Ville de nuit, 05.20.
Je me lève de mon lit, j'enfile difficilement mon plus beau costume, mets quelque chose dans mon ventre, sors de la maison.
Je descends dans la rue, tandis que les odeurs de la ville et la chaleur des gaz d'échappement m'assaillent.
J'arrive à la voiture, j'ouvre, j'entre.

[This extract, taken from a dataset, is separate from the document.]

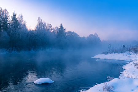Foggy winter morning on the river. Beautiful winter landscape.

Un geste rapide, j'allume la carte, jette un œil à l'itinéraire et… et je m'arrête pour réfléchir à combien la carte d'un jeu en monde ouvert, en 2021, est vraiment trop grande et mon temps trop peu pour une telle exploration.

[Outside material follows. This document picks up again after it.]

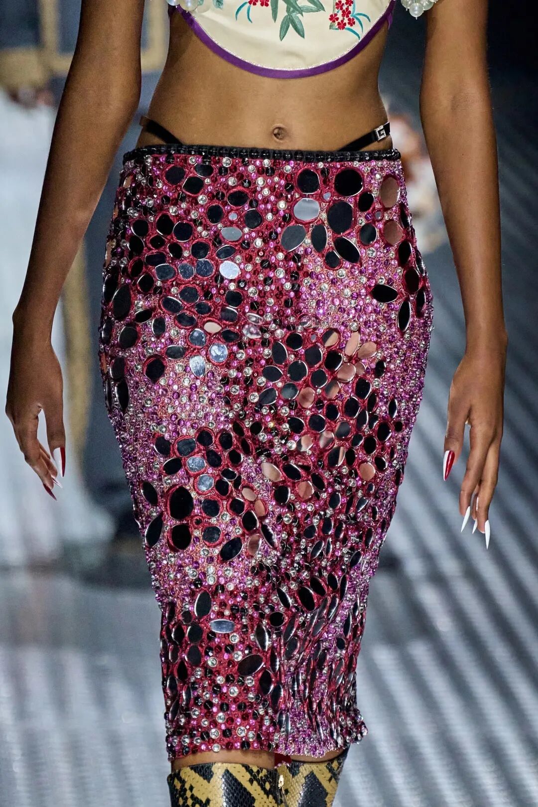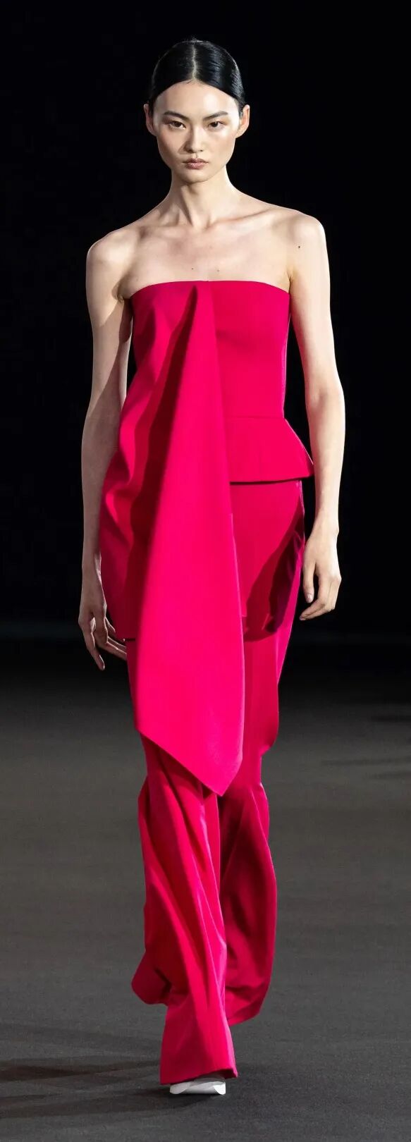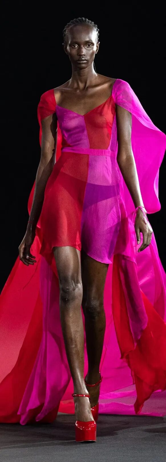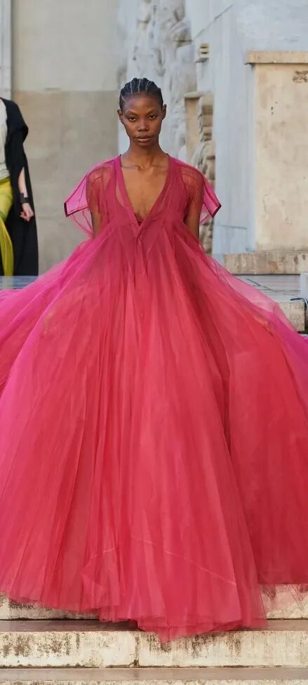 一向走暗黑路线的 Rick Owens 也在 2023 春夏系列中推出了不少洋红色单品。长靴、礼服、

Quelle est la solution alors?
Se replier des jeux linéaires avec une progression presque entièrement tournée vers le gameplay, qui sacrifie complètement mon ancien esprit d'exploration cultivé au son des vieux raids à The Witcher 3 ou GTA San Andreas ? Peut-être pas, peut-être y a-t-il un autre moyen qui puisse nourrir cet esprit d'évasion et en même temps ne pas nous donner l'impression de nous perdre dans quelque chose d'infini et d'ennuyeux : le jeu de la macro-zone.
Mais comment tirer le meilleur parti de cette approche ?
Quelle est la passerelle vers de tels jeux dans le futur ?
Essayons de raisonner ensemble.
Avant de commencer, une prémisse
Avant de commencer dans la cinquième avec les réflexions, quelques prémisses théoriques : qu'est-ce qu'un monde ouvert ? Qu'est-ce qu'un "jeu de macro-zone" ?
Jamais comme dans ce cas, on parle de "formats" de jeu, ou de paramètres de level design qui modifient drastiquement l'expérience de jeu.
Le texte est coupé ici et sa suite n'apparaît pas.